Common Mistakes and Tips
Greedy vs. Lazy Matching
By default, quantifiers are greedy — they match as much as possible:
# Greedy: matches everything between the FIRST < and LAST >
<.*> on "<b>bold</b>" matches "<b>bold</b>"
# Lazy: matches as little as possible (add ?)
<.*?> on "<b>bold</b>" matches "<b>" then "</b>"
Escaping Special Characters
Remember to escape these when you want the literal character: . * + ? ^ $ { } [ ] ( ) | \
# Match a literal dot
\.
# Match a literal dollar sign
\$
# Match a literal backslash
\\
Anchors Matter
Without anchors, regex matches anywhere in the string:
# Without anchors — matches "cat" inside "concatenate"
cat
# With word boundaries — matches only the word "cat"
\bcat\b
# With line anchors — matches only lines that ARE "cat"
^cat$
Testing and Debugging Regex
Use these tools to build and test your patterns:
- regex101.com — https://regex101.com — The best online regex tester. Shows matches, capture groups, and explains each part of your pattern.

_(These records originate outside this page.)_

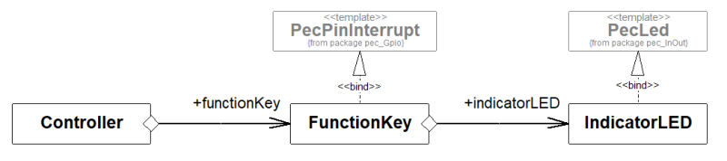 Neu an diesem Entwurf ist, dass die Klasse IndicatorLED nicht in den Controller sondern an die Klasse FunctionKey aggregiert wurde. Damit wurde eine Struktur aufgebaut bei der die Klasse FunktionKey die Klasse IndicatorLED sozusagen in sich versteckt. Sonst hatten wir Systembausteine immer an den Controller gehängt. Die neue Lösung hat den Vorteil, dass beim ansprechen der LED nicht der Pfad über die Instanz des Controllers gegangen werden muss. Da die Klasse FunctionKey jetzt der Eigentümer der IndicatorLED ist kann diese ohne Einschränkungen direkt benutzt werden. Das Macht auch Sinn. Kein anderer Baustein in dieser Anwendung benutzt die IndicatorLED. FunctionKey und IndicatorLED bilden jetzt eine zusammengesetzte Einheit die vom Controller als ein Baustein benutzt wird. Zusammengesetzte Systembausteine nennt man Systemkomponente.
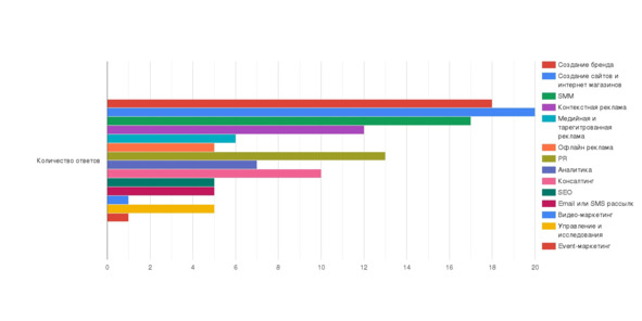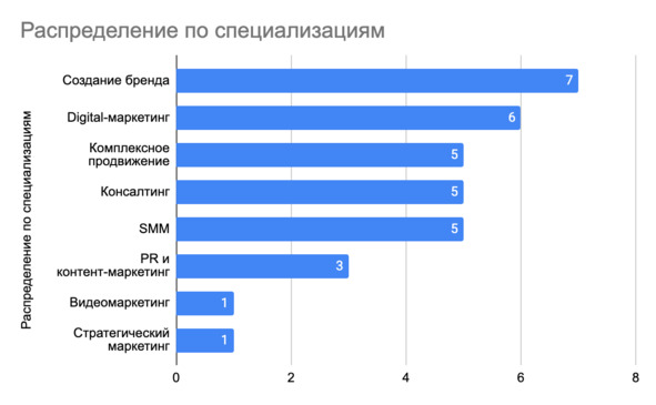 На графике ниже – наглядно видно, что большая часть экспертов занимается брендингом (21,21%), крайне популярны: digital-маркетинг (18,18%), консалтинг (15,5%), SMM (15,15%) и комплексный подход (15,15%). Это отражает реальный запрос рынка и его тенденции: клиентам нужен бренд, охватывать многие рекламные каналы и не боятся советоваться. Интересным наблюдением для молодых специалистов будут – неконкурентные сферы (у них меньшее количество голосов или их вообще нет на графике) и там можно вырасти быстрее всего. Эта же информация пригодится, если вы запускаете новый продукт в своем агентстве, с точки зрения спроса (SMM и бренд в моде, там больше всего и специалистов) и с точки зрения подбора кадров.
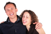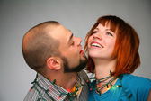 dziewczyna z Rude włosy i kłamstwo facet łeb w łeb
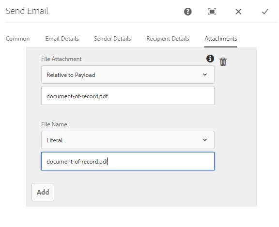 Send email attachment config:
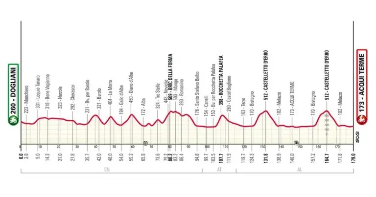 La carrera se disputará el jueves 9 de octubre y discurrirá sobre un recorrido de 179 kilómetros con salida en Dogliani y llegada en la localidad italiana de Acqui Terme. Los ascensos al Bric della Forma, Rocchetta Palafea y el doble paso por Castelletto d’Erro endurecerán la prueba.

- regexr.com — https://regexr.com — Interactive regex tester with a cheat sheet.
- debuggex.com — https://debuggex.com — Visualizes regex as railroad diagrams.

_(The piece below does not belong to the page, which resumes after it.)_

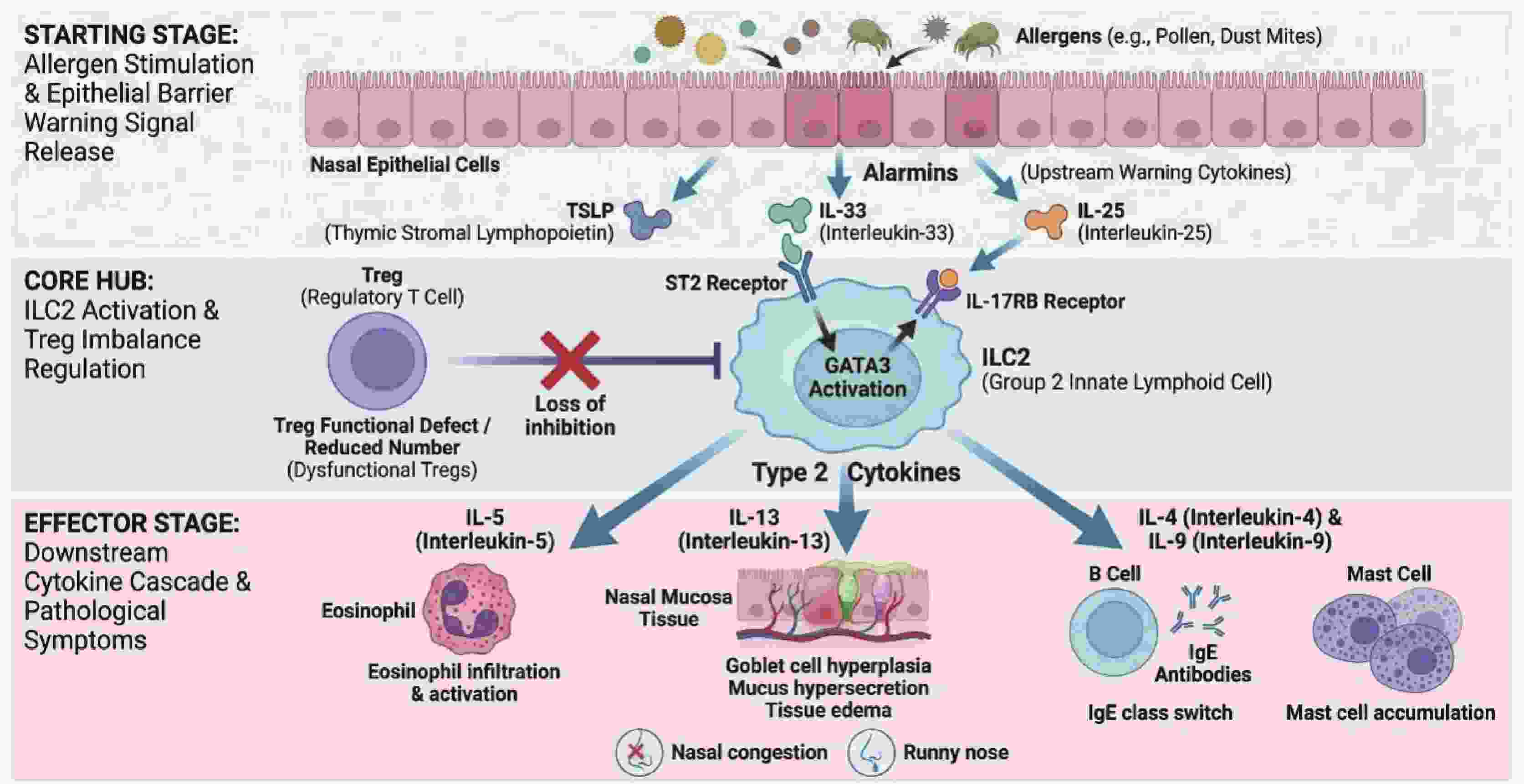 [1] 王洪田, 杨钦泰, 叶菁, 等. 变应性鼻炎防治中环境控制和健康教育的中国专家共识(2024, 北京)[J]. 中国耳鼻咽喉颅底外科杂志, 2024, 30(4): 1-11. doi: 10.11798/j.issn.1007-1520.202404001 [2] Tosca M A, Trincianti C, Naso M, et al. Treatment of allergic rhinitis in clinical practice[J]. Curr Pediatr Rev, 2024, 20(3): 271-277. doi: 10.2174/1573396320666230912103108 [3] Meng Y, Wang C, Zhang L. Recent developments and highlights in allergic rhinitis[J]. Allergy, 2019, 74(12): 2320-2328. doi: 10.1111/all.14067 [4] Talbot S, Foster S L, Woolf C J. Neuroimmunity: Physiology and pathology[J]. Annu Rev Immunol, 2016, 34: 421-477. doi: 10.1146/annurev-immunol-041015-055340 [5] Luo Y, Deng Y, Tao Z, et al. Regulatory effect of microRNA-135a on the Th1/Th2 imbalance in a murine model of allergic rhinitis[J]. Exp Ther Med, 2014, 8(4): 1105-1110. doi: 10.3892/etm.2014.1855 [6] Salimi M, Barlow J L, Saunders S P, et al. A role for IL-25 and IL-33-driven type-2 innate lymphoid cells in atopic dermatitis[J]. J Exp Med, 2013, 210(13): 2939-2950. doi: 10.1084/jem.20130351 [7] Nie M, Zeng Q, Xi L, et al. The effect of IL-35 on the expression of nasal epithelial-derived proinflammatory cytokines[J]. Mediators Inflamm, 2021, 2021(1): 1110671. [8] Li Q, Zhang X, Feng Q, et al. Common allergens and immune responses associated with allergic rhinitis in China[J]. J Asthma Allergy, 2023, 16: 851-861. doi: 10.2147/JAA.S420328 [9] Wang S, Liu X, Lin X, et al. Group 2 innate lymphoid cells in allergic rhinitis[J]. J Inflamm Res, 2024, 17: 8599-8610. [10] Liu Z, Yang X, Liu X, et al. Analysis of expression of ILC2 cells in nasal mucosa based on animal model of allergic bacterial infection rhinitis[J]. J Infect Public Health, 2021, 14(1): 77-83. doi: 10.1016/j.jiph.2019.09.010 [11] Li Y Q, Zhong Y, Xiao X P, et al. IL-33/ST2 axis promotes the inflammatory response of nasal mucosal epithelial cells through inducing the ERK1/2 pathway[J]. Innate Immun, 2020, 26(6): 505-513. doi: 10.1177/1753425920918911 [12] Vivier E, Artis D, Colonna M, et al. Innate lymphoid cells: 10 years on[J]. Cell, 2018, 174(5): 1054-1066. doi: 10.1016/j.cell.2018.07.017 [13] Munir D, Pahlevi Nasution I, Restimulia L, et al. The role of mesenchymal stem cells in allergic rhinitis and its relationship with IL-10, plasma cells and regulatory T cells[J]. Med Glas (Zenica), 2023, 20(2): 175-180. doi: 10.17392/1541-23 [14] 魏先梅, 高下, 俞晨杰. 间充质干细胞对变应性鼻炎治疗作用的研究进展[J]. 中华耳鼻咽喉头颈外科杂志, 2018, 53(10): 789-793. doi: 10.3760/cma.j.issn.1673-0860.2018.10.015 [15] Fan X, Xu Z B, Li C L, et al. Mesenchymal stem cells regulate type 2 innate lymphoid cells via regulatory T cells through ICOS-ICOSL interaction[J]. Stem Cells, 2021, 39(7): 975-987. doi: 10.1002/stem.3369 [16] 胡泽功, 白燕. 过敏原特异性免疫治疗的研究进展[J]. 实用医学杂志, 2025, 41(11): 1760-1766. doi: 10.3969/j.issn.1006-5725.2025.11.022 [17] 江银丽, 朱新华. 免疫治疗在变应性鼻炎免疫调节机制中的作用研究[J]. 临床耳鼻咽喉头颈外科杂志, 2018, 32(18): 1440-1443. doi: 10.13201/j.issn.1001-1781.2018.18.020 [18] Tamaș T P, Ciurariu E. Allergen immunotherapy: Pitfalls, perks and unexpected allies[J]. Int J Mol Sci, 2025, 26(8): 3535. [19] Shamji M H, Sharif H, Layhadi J A, et al. Diverse immune mechanisms of allergen immunotherapy for allergic rhinitis with and without asthma[J]. J Allergy Clin Immunol, 2022, 149(3): 791-801. doi: 10.1016/j.jaci.2022.01.016 [20] Shamji M H, Durham S R. Mechanisms of allergen immunotherapy for inhaled allergens and predictive biomarkers[J]. J Allergy Clin Immunol, 2017, 140(6): 1485-1498. doi: 10.1016/j.jaci.2017.10.010 [21] Kouser L, Kappen J, Walton R P, et al. Update on biomarkers to monitor clinical efficacy response during and post treatment in allergen immunotherapy[J]. Curr Treat Options Allergy, 2017, 4(1): 43-53. doi: 10.1007/s40521-017-0117-5 [22] Mitthamsiri W, Pradubpongsa P, Sangasapaviliya A, et al. Decreased CRTH2 expression and response to allergen re-stimulation on innate lymphoid cells in patients with allergen-specific immunotherapy[J]. Allergy Asthma Immunol Res, 2018, 10(6): 662-674. doi: 10.4168/aair.2018.10.6.662 [23] May J R, Dolen W K. Management of allergic rhinitis: A review for the community pharmacist[J]. Clin Ther, 2017, 39(12): 2410-2419. doi: 10.1016/j.clinthera.2017.10.006 [24] Zhang Y, Lan F, Zhang L. Update on pathomechanisms and treatments in allergic rhinitis[J]. Allergy, 2022, 77(11): 3309-3319. doi: 10.1111/all.15454 [25] Sakaguchi S, Mikami N, Wing J B, et al. Regulatory T cells and human disease[J]. Annu Rev Immunol, 2020, 38: 541-566. doi: 10.1146/annurev-immunol-042718-041717 [26] Georgiev P, Charbonnier L M, Chatila T A. Regulatory T cells: The many faces of foxp3[J]. J Clin Immunol, 2019, 39(7): 623-640. doi: 10.1007/s10875-019-00684-7 [27] Irla M. Instructive cues of thymic T cell selection[J]. Annu Rev Immunol, 2022, 40: 95-119. doi: 10.1146/annurev-immunol-101320-022432 [28] Yadav M, Stephan S, Bluestone J A. Peripherally induced tregs - role in immune homeostasis and autoimmunity[J]. Front Immunol, 2013, 4: 232. doi: 10.3389/fimmu.2013.00232 [29] Martín-Cruz L, Benito-Villalvilla C, Sirvent S, et al. The role of regulatory T cells in allergic diseases: Collegium internationale allergologicum (CIA) update 2024[J]. Int Arch Allergy Immunol, 2024, 185(5): 503-518. doi: 10.1159/000536335 [30] Zheng S G, Wang J, Wang P, et al. IL-2 is essential for TGF-beta to convert naive CD4+CD25- cells to CD25+Foxp3+ regulatory T cells and for expansion of these cells[J]. J Immunol, 2007, 178(4): 2018-2027. doi: 10.4049/jimmunol.178.4.2018 [31] Sayitoglu E C, Freeborn R A, Roncarolo M G. The Yin and Yang of type 1 regulatory T cells: From discovery to clinical application[J]. Front Immunol, 2021, 12: 693105. doi: 10.3389/fimmu.2021.693105 [32] Rigas D, Lewis G, Aron

Quick Reference Cheat Sheet
. Any character
\d Digit [0-9]
\w Word char [a-zA-Z0-9_]
\s Whitespace
\b Word boundary
^ Start of line
$ End of line
[abc] Character class
[^abc] Negated class
a|b a OR b
(...) Capture group
(?:...) Non-capture group
* 0 or more
+ 1 or more
? 0 or 1
{n} Exactly n
{n,m} Between n and m
Regex takes practice. Start with simple patterns, test them on regex101.com, and gradually build complexity. Once it clicks, you’ll use regex everywhere — in code, in the terminal, in your editor, and in data processing pipelines.